Every bit of information can make a difference. For example, let’s say two patients came in and were diagnosed with plantar fasciitis, one of the most common causes of heel pain. However:
- Patient A works at a factory, spending all day on their feet on hard surfaces.
- Patient B is a long-distance runner.
It can be quite likely that Patient A’s plantar fasciitis is a result of strain caused by the environment. In other words, they have to spend all day standing on concrete, and gravity is essentially causing the strain. Patient B, however, may likely have their heel pain as a result of overuse: too many repetitive impacts against from running without enough time to rest.

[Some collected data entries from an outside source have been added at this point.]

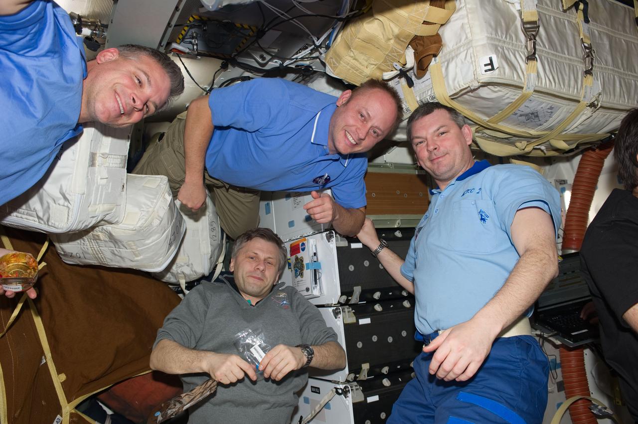 ISS028-E-005921 (27 May 2011) --- NASA astronauts Greg H. Johnson (top left), STS-134 pilot, and Michael Fincke (top center), STS-134 mission specialist; along with Russian cosmonauts Andrey Borisenko (bottom), Expedition 28 commander; and Alexander Samokutyaev, Expedition 28 flight engineer, pose for a photo on the middeck of space shuttle Endeavour while docked with the International Space Station.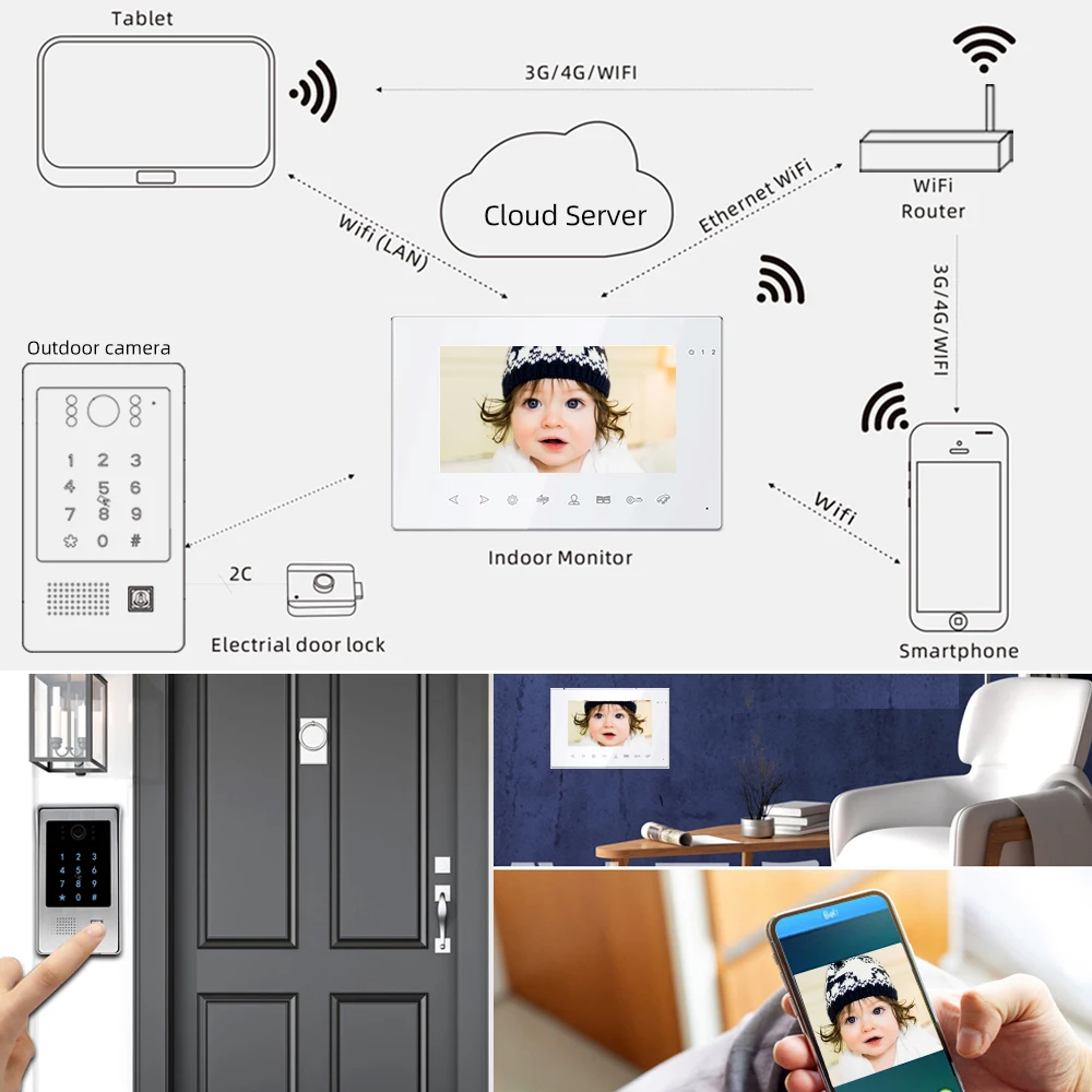 Smart Tuya Wifi 7'' 960P Video Intercom System Touch Screen Motion Detection Password RFID Card App Remote Control Unlock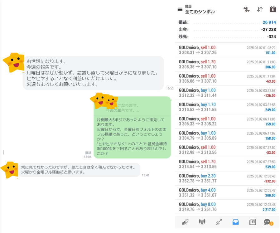 月曜と水曜の自動指標停止とこのEA本来の厳選エントリーロジックが効いた週で、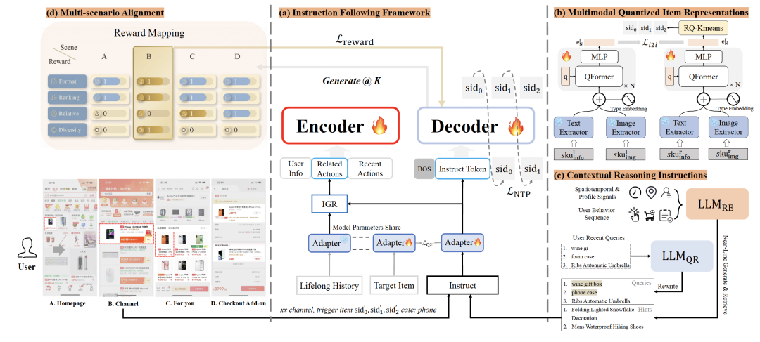 场景指令化 :将不同的场景信息(如首页、购物车)和可选的触发物品(如用户点击的入口商品)统一编码为****"场景指令"****,作为模型的条件输入。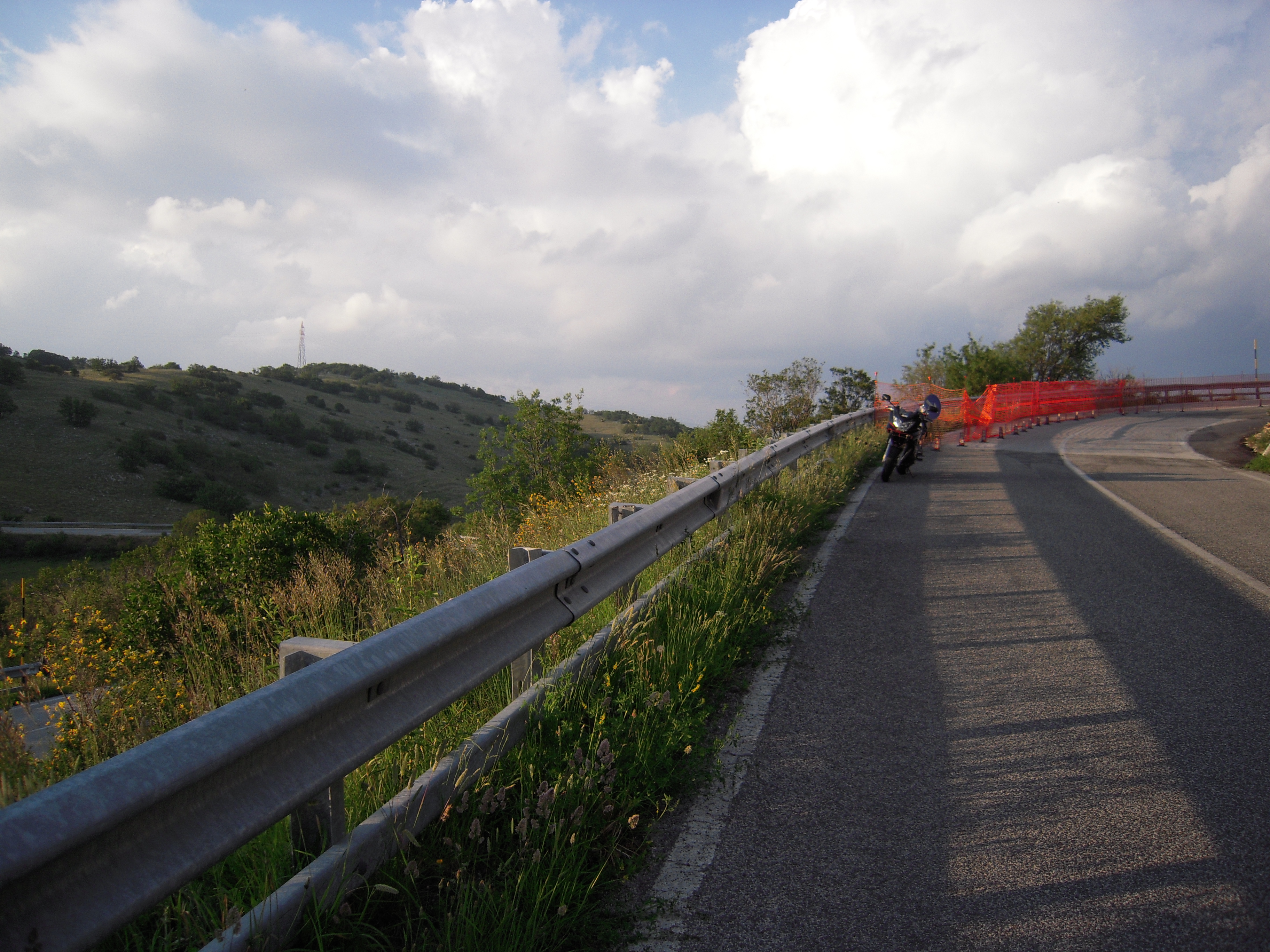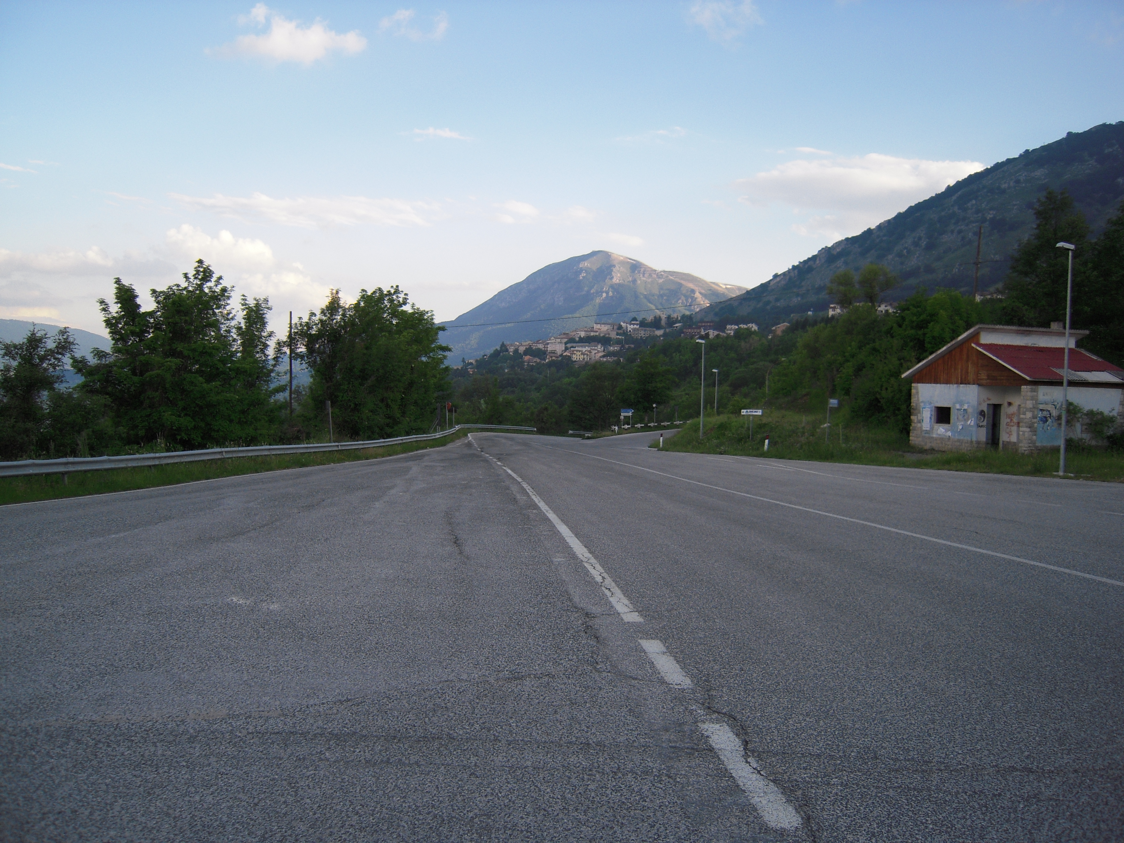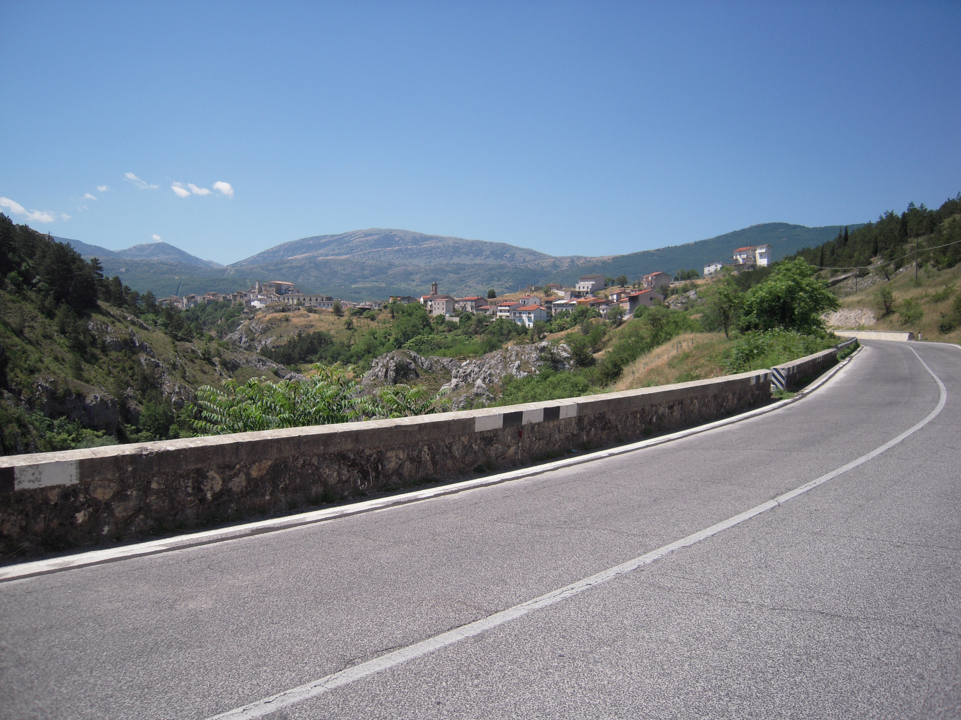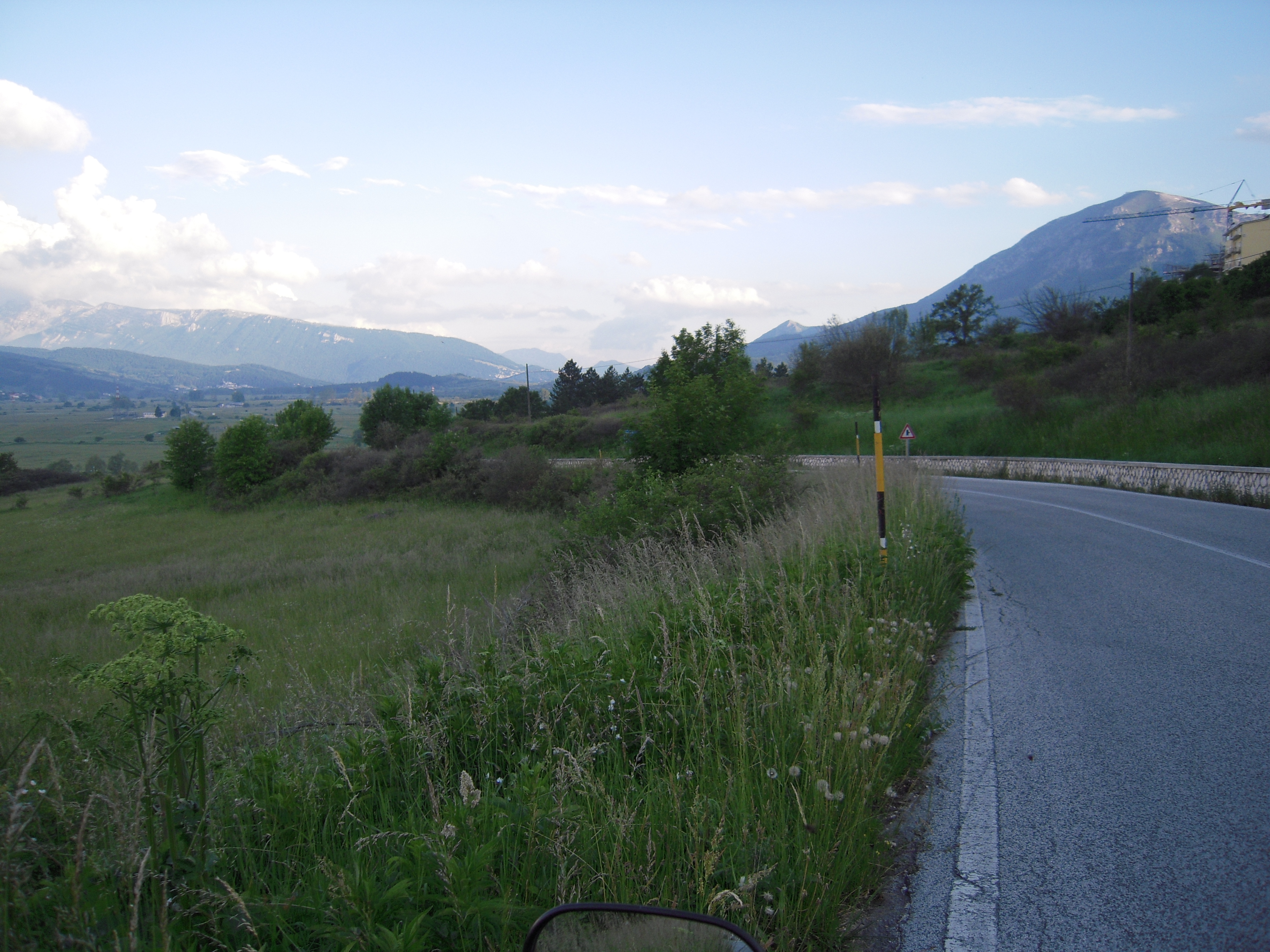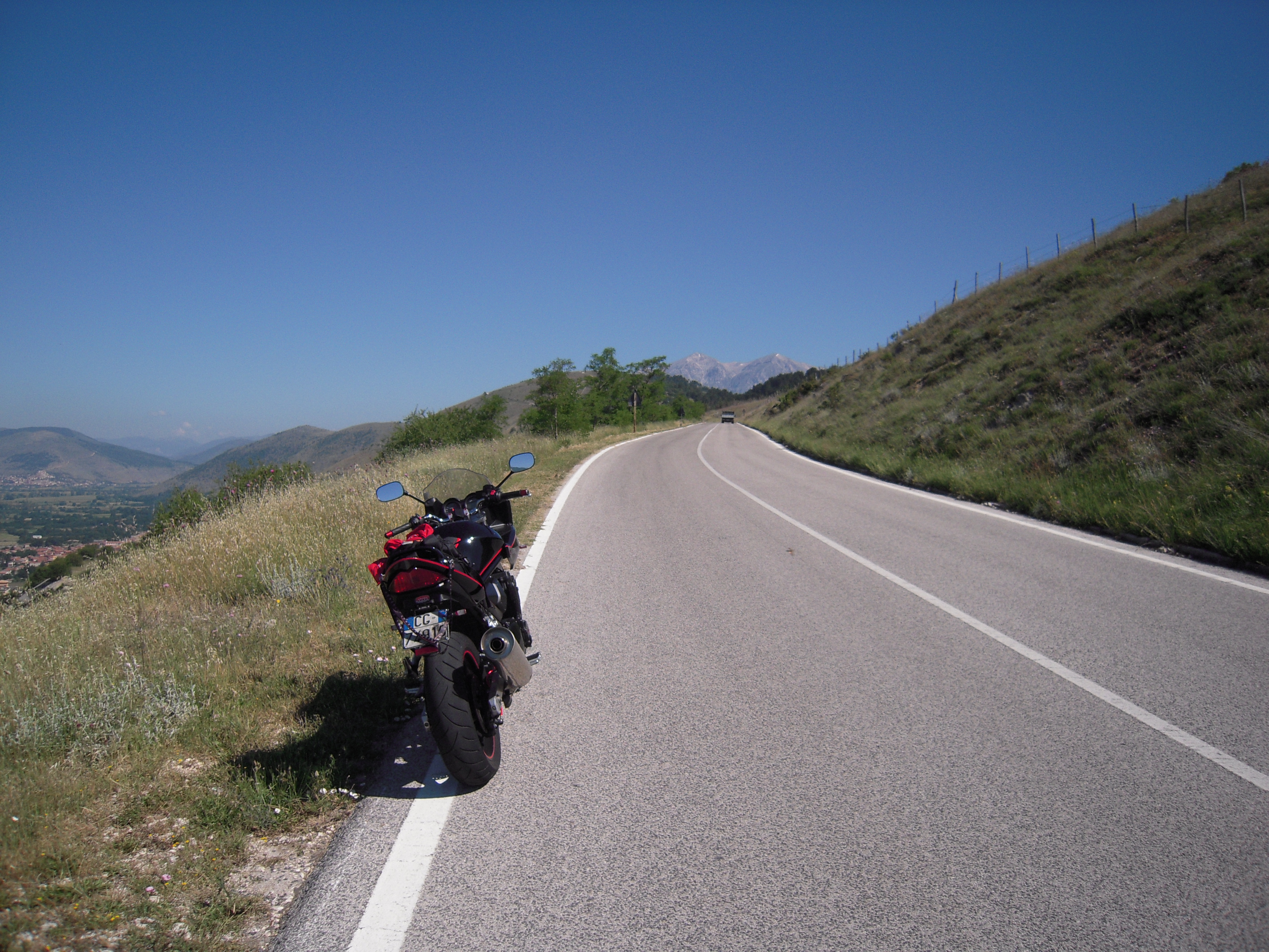 Partito senza un’idea anche solo abbozzata mi sono ritrovato a Carsoli sulla SS 5 Tiburtina ed ho preso a seguirla. Colli di Montebove per scaldare le gomme, la noiosissima zona del Fucino dopo Tagliacozzo ed ancora dei bei passaggi da Collarmele su per il valico di Forca Caruso e giù verso la valle dell’Aterno ma anziché prendere per le famose Gole di San Venanzio ho tagliato verso Raiano da una provinciale minore ma altrettanto bella.

The choices we make for a treatment plan will be different depending on these factors. But then, what if we discover Patient A also has an abnormal foot structure, such as flat feet or high arches? That also can be contributing to their pain, and must be addressed accordingly, too.
Approaches to Treating Heel Pain
Just as there can potentially be more than one root cause behind a particular case of heel pain, there can be more than one way to treat it, too.
An overall treatment plan might consist of one or more elements, depending on the specific needs and lifestyles of each patient. Some are relatively simple changes, while others are engaged treatments.
Certain treatments include, but are not limited to:
- Changes in footwear. Often, switching to more supportive footwear can have a positive effect.
- Changes in work environment. For our Patient A example above, being able to stand on a softer anti-fatigue mat can make a difference.
- Changes to exercise routines. For Patient B, not focusing so heavily on running throughout the week may be necessary, incorporating cross-training on certain days instead.
- Stretching and physical therapy. Following specific stretching and exercise regimens can help condition strained sites of pain, as well as connecting muscles, tendons and ligaments that might be exerting too much stress.
- MLS laser therapy. When the root of heel pain lies in a soft tissue injury (and most do), laser therapy has the potential to help relieve pain and accelerate the healing process – all by stimulating the body’s own natural processes.
- Extracorporeal Pulse Activation Technology (EPAT). An advanced treatment similar to laser therapy that uses high pressure soundwaves instead of laser energy.
- Custom orthotics. When an abnormal foot structure places excess force on vulnerable areas of the foot and heel, custom orthotics can provide proper redistribution of weight and cushioned support where needed.
While uncommon, there are some cases of heel pain in which treatments such as those above do not yield the desired results. When conservative treatments are not viable, surgery then becomes a consideration.
If surgery is in the picture, we will fully discuss our recommendations with you, as well as what you can expect before, during, and after a procedure. We will also happily answer any questions you have to ensure you can make the best decisions regarding your treatment moving forward.
Getting the Answers to Your Heel Pain Questions
Regardless of how long you have had heel pain or what you’ve already tried to treat it with, your case is not unsolvable. We can help you get to the source of your condition and not only provide direct treatment, but also recommend preventative care to keep future problems at bay.